Pour qu’il y ait jeu, il faut donc un jeu, à minima des règles, que le joueur agisse dans le cadre fixé par ces règles mais aussi que le joueur accepte de jouer. Ainsi, lorsque l’on fait une première partie d’un jeu, plusieurs éléments vont se conjuguer pour déterminer si l’on se fait plaisir et à quel point : avons-nous l’attitude ludique (avons-nous envie d’entrer dans le jeu ?), pouvons-nous gérer notre risque pour obtenir ce plaisir ludique (le jeu est-il trop dur ou trop simple ?) et le jeu possède-t-il d’autres attraits que celui purement ludique (comme les sensations qu’il va provoquer) ?

Notre plaisir dans une partie sera le fruit de plusieurs sources, liées au jeu lui-même mais dépendantes aussi de nous et du contexte. C’est ce qui fait du jeu avant tout une rencontre.

La qualité des jeux

Container est un jeu de gestion dans le monde des transports de marchandises par , comme son nom l’indique, containers.

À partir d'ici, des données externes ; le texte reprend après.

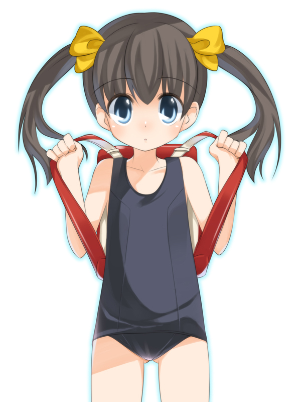 1girlbackpackbagblack one-piece swimsuitblue eyesblushbowbrown haircollarboneflat chesthair ribbonlolilong hairlooking at viewerone-piece swimsuitopen mouthrandoseruribbonschool swimsuitstandingswimsuittwintailswhite backgroundyellow ribbon
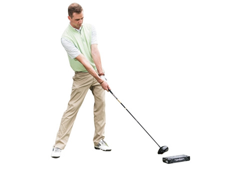 如果你连两个Tee也没有的话,那就在唯一的Tee前方随便摆放一点什么东西吧,比如这个黑色的包装盒,也能起到治愈顽疾的作用,改善你的击球轨迹和击球角度,让球飞得更准更远。
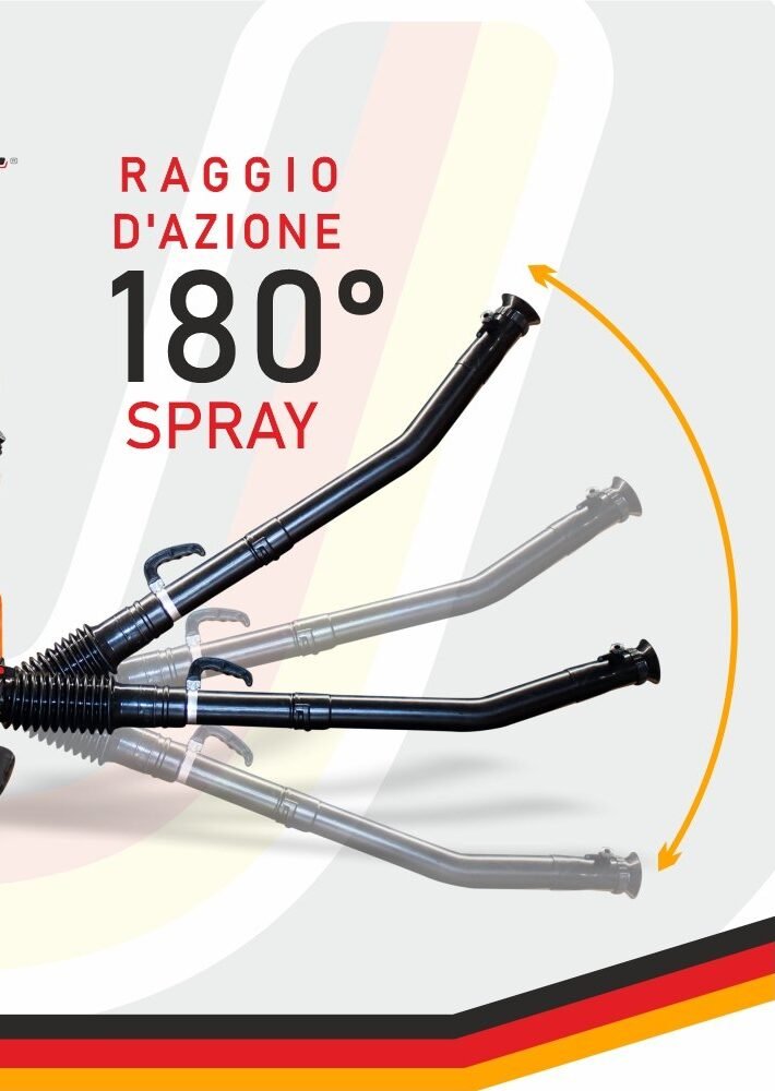 Grazie alla sua struttura e al tubo flessibile orientabile, l’atomizzatore offre un raggio d’azione ampio fino a 180 gradi, permettendoti di coprire superfici laterali e frontali in un solo passaggio. Questo ti consente di lavorare in meno tempo, con maggiore precisione e senza dover cambiare continuamente direzione.

De passage à Rennes, j’ai pu y jouer avec de vieux amis de l’A-Rennes-Des-Jeux. C’était il y a 14 ans et je m’en rappelle encore. Qu’est-ce que je m’étais marré ! Je m’en rappelle car, bien que le jeu soit calculatoire et le thème pas vraiment fun, c’est un de mes excellents souvenirs d’ambiance de partie. Je sais que le jeu n’y est pas pour grand-chose, ou alors à ses dépends. Pourtant, si j’avais du évaluer mon plaisir suite à cette partie, j’aurai du mettre la note maximale.

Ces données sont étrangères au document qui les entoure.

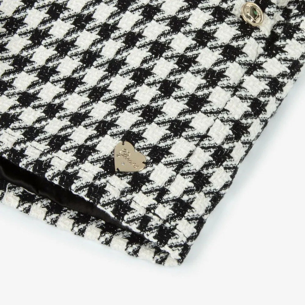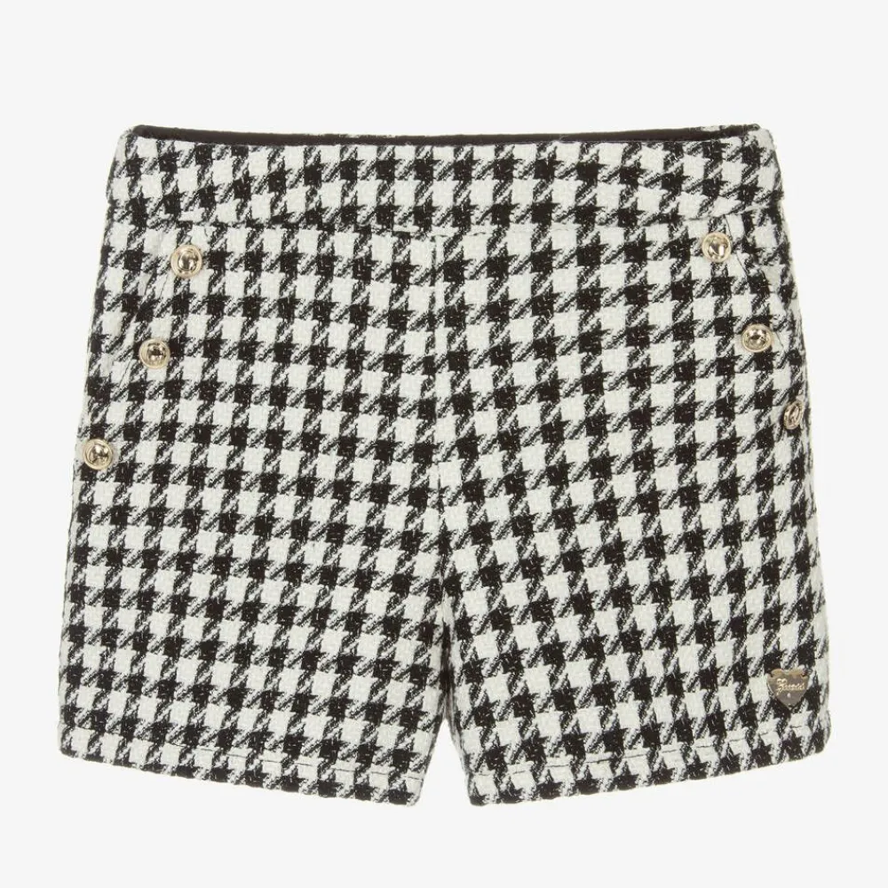 Smart black and white houndstooth shorts for junior girls by Guess. Made in mid-weight tweed they have an adjustable waistband for a good fit and fasten with a concealed zip on the side. The slanted front pockets have branded gold decorative buttons, and a heart logo badge on the hem gives a designer finish.

Les jeux possèdent en eux certaines caractéristiques objectives : le fonctionnement du jeu et son équilibre ainsi que la qualité de l’édition (matériel, règles). Les parties que l’on peut jouer en possèdent beaucoup beaucoup d’autres : notre état (fatigue, moral, goûts, envie…), les personnes présentes, la qualité de l’éclairage, la boisson ingérée, … etc.
Si quelqu’un ne s’amuse pas avec un jeu, cela ne remet pas forcément en question les qualités du jeu et inversement comme l’atteste l’exemple de cette partie de Container. Pensez au nombre de personnes qui s’amusent avec le Monopoly. Pensez à ces jeux joués dans l’ambiance d’un festival qui vous ont déçu une fois ramenés à la maison. Pensez à ces jeux essayés sur PC ou sur Smartphones auxquels vous n’avez pas accroché et qui vous ont enthousiasmé sur table.

Il peut y avoir de multiples raisons qui expliquent le ressenti d’un joueur sans que le jeu n’y soit pour quoi que ce soit. Évaluer objectivement la qualité d’un jeu, c’est discuter de la partie émergée de l’iceberg. C’est tout à fait possible, mais fichtrement limitée. N’est-ce pas avant tout ce que le jeu a provoqué chez nous qui est intéressant ? Multiplier les rencontres permet de mieux cerner ce qui vient du contexte et de s’en détacher. Il reste que nous sommes toujours plus ou moins les mêmes à chaque partie : il n’est pas possible de se détacher de nous-mêmes !

C’est pour cette raison que j’essaye de donner quelques éléments sur ma ou mes rencontre(s) avec un jeu dans les avis que je donne. C’est pour cette raison que sur LudiGaume nous indiquons toujours le nombre de parties et s’il s’agit de premières impressions. Enfin, messieurs les auteurs, c’est pour cette raison qu’il ne faut pas être déçu si l’on aime pas assez votre jeu : il est fort probable que le jeu n’y soit pour rien.